Restate word for word the entries below, starting with the line with "The following graph" and continuing through the line with "Digital Rituals is". Include both of those lines and no others.

→ EXCERPTED RECORDS:
-- Opening Marker --
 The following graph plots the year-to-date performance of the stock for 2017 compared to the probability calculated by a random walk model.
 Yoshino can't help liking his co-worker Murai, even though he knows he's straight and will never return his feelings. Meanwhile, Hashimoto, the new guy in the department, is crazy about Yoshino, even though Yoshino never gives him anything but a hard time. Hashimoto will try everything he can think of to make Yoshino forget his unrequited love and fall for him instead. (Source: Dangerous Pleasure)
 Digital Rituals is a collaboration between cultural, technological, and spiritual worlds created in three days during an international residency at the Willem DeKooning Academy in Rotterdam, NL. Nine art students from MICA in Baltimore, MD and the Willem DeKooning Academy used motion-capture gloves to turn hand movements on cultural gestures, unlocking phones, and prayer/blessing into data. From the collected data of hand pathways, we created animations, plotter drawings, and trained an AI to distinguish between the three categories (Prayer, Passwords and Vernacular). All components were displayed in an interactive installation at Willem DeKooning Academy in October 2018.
-- Closing Marker --
-- Opening Marker --
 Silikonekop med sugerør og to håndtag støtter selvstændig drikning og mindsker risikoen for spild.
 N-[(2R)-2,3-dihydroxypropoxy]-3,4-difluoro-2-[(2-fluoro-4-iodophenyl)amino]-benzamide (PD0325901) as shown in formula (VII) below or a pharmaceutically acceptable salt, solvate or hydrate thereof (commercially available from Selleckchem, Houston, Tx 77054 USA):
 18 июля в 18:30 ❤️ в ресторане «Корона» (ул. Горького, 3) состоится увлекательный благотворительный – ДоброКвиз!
-- Closing Marker --
→ SOLUTION TO THE EXERCISE:
 The following graph plots the year-to-date performance of the stock for 2017 compared to the probability calculated by a random walk model.
 Yoshino can't help liking his co-worker Murai, even though he knows he's straight and will never return his feelings. Meanwhile, Hashimoto, the new guy in the department, is crazy about Yoshino, even though Yoshino never gives him anything but a hard time. Hashimoto will try everything he can think of to make Yoshino forget his unrequited love and fall for him instead. (Source: Dangerous Pleasure)
 Digital Rituals is a collaboration between cultural, technological, and spiritual worlds created in three days during an international residency at the Willem DeKooning Academy in Rotterdam, NL. Nine art students from MICA in Baltimore, MD and the Willem DeKooning Academy used motion-capture gloves to turn hand movements on cultural gestures, unlocking phones, and prayer/blessing into data. From the collected data of hand pathways, we created animations, plotter drawings, and trained an AI to distinguish between the three categories (Prayer, Passwords and Vernacular). All components were displayed in an interactive installation at Willem DeKooning Academy in October 2018.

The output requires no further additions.